Наступил второй вечер после приезда спасительницы. За окнами сгустились поздние летние сумерки. Через открытую форточку доносились запахи свежескошенной травы и каких-то цветов, смешиваясь с ароматами кухни, где уже привычно командовала кастрюлями и сковородками хозяйская матушка.
- Ну что, уложил? – поинтересовалась Екатерина Михайловна, обернувшись на вошедшего в кухню сына и помешивая ложкой в кастрюле готовящийся суп.
- Ага. Сдал дежурство незаменимому Бане. Теперь его очередь показывать ребенку цветные сны.

Сергей присел за кухонный стол и с усталым видом потер ладонями лицо. Кололась щетина. Неужели он с утра забыл побриться? Во как замотался! В последние несколько дней у него голова шла кругом от проблем с Машенькой, с Тоней, с работой… Какое счастье, что приехала мама и подставила свое крепкое плечо! О чем он тут же и сообщил:
- Спасибо, мам. Без тебя бы я просто пропал!
- Ну, для того семья и существует, чтобы помочь в трудный момент, - улыбнулась Екатерина Михайловна, закрыла кастрюлю крышкой и села напротив сына. – Ты мне лучше скажи, что у вас с Тоней.
- А что у нас с Тоней? – дернул плечом Сергей и недовольно поморщился. – Холодная война у нас с Тоней. Мне большого труда стоило добиться права общаться с собственной дочерью. Если бы не припугнул ее судом, то не видать бы мне Маши никогда. Вот такие вот дела, мама. Этот сероглазый ангел оказался упрямым, как осел, и гордым, как индюк.
- Но ведь ты ж ее любишь…
- Люблю, - кивнул сын и со вздохом опустил голову, - а толку? Нужна ей моя любовь! Ей от меня только ребенок был нужен. А у меня тоже есть гордость! И выпрашивать у нее крохи любви, как нищий милостыню, я не собираюсь. Пусть живет, как хочет. Мне главное Машутку видеть почаще. Теперь она -главная женщина в моей жизни!
- Ой, ребята, ребята, - сокрушенно качала головой Екатерина Михайловна, - что-то накрутили-навертели вы в своей жизни, что теперь выпутаться не можете! Вы уж разберитесь как-нибудь, а то Машенька растет, скоро все понимать будет. А дети ведь любую ложь, любую фальшь мгновенно улавливают.

                ***
Уложив свои нехитрые пожитки в пакет, Тоня медленно вышла на больничное крыльцо. Идти было трудно: послеоперационный рубец на животе ныл и тянул, а еще сильно чесался. Но воздух свободы, лишенный приторного запаха лекарств и дезинфекции, не отравленный ароматами больничной пищи, мгновенно наполнил не только легкие девушки свежим кислородом, но и душу радостью. Сейчас она поедет домой, наконец прижмет к себе Машутку! Вот только сообразить бы, как и на чем доехать до дома.
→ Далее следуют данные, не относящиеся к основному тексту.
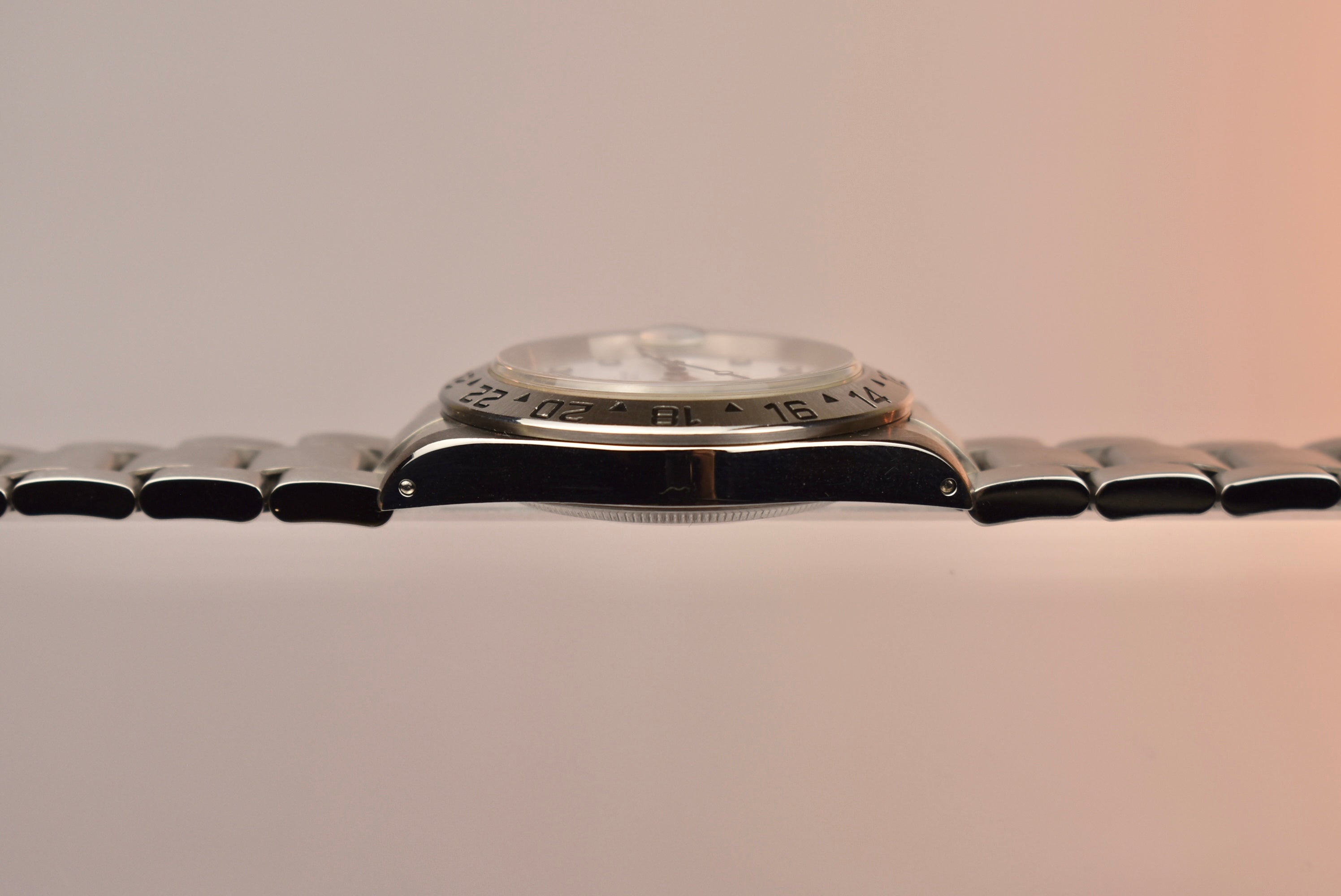 A historic Rolex sport model with a GMT function that can be had for under $10k still. This is one of the best “bang for your buck” Rolex’s on the market at the moment. A sleek white dial with a red GMT hand and a perfect case size makes this watch such an easy wearer. This specific example comes with original box and papers.

Тоня растерянно огляделась по сторонам, прикидывая, в какой стороне метро. Вдруг за спиной раздался окрик:
- Тоня! Ты куда это собралась?
Через чахлый больничный сквер к ней шел быстрым шагом Ермаков.
- Привет, - пробормотала Тоня, не ожидавшая такой встречи.
Сергей взял из ее руки пакет с вещами.
- Документы все забрала? Вещи не забыла?
- Не забыла, - буркнула, нахмурившись Тоня. Что он с ней, как с маленькой?
- Тогда пошли. У меня машина на парковке стоит. – И пошел, повернувшись к ней спиной, с полной уверенностью, что она побежит следом.

Прижав руки к животу, словно защищая нечто очень хрупкое, и даже затаив дыхание, девушка осторожно села на заднее сиденье автомобиля. Следовало признать, что Ермаков появился очень вовремя. Вот как бы она в таком состоянии толкалась в метро и в маршрутках? Но Тоня усилием воли подавила всплеск благодарности в своей душе. У них просто временное перемирие, которое скоро закончится.

Колеса машины зашуршали по гладкому асфальту. Ехали молча, словно Сергей был обычным таксистом, которому не полагалось болтать с пассажирами. За окном мелькали дома, вывески магазинов и ресторанов, банков и кафе, то там, то здесь подмигивали разноцветными глазами светофоры. По тротуарам непрерывно текла пёстрая человеческая река. Не миновали они и привычные московские пробки.
Но вот машина выехала из города, пересекая кольцевую дорогу.
- А куда мы едем? – забеспокоилась Тоня.
- Ко мне домой, - ответил Сергей, бросив короткий взгляд в зеркало заднего вида.
- Зачем? А Маша где?
- У меня дома с моей мамой. Тонь, я решил, что малышке летом все-таки лучше за городом, на природе. Там же и воздух чистый, и лес недалеко, и тишина. Да и тебе, как сказал доктор, ближайшие дней десять нельзя поднимать ничего тяжелого. А Машка же любит проситься на ручки. И ей не откажешь. Так что, говоря медицинским языком, на период реабилитации ты тоже поживешь у меня. Места всем хватит, дом вместительный.
- Ты сам так решил?! – возмутилась Тоня. – А меня спросить не надо было?
- Ты бы из вредности все равно отказалась бы. Давай не будем ссориться, - миролюбиво предложил Сергей, - хотя бы ради Маши. Ей за городом очень нравится.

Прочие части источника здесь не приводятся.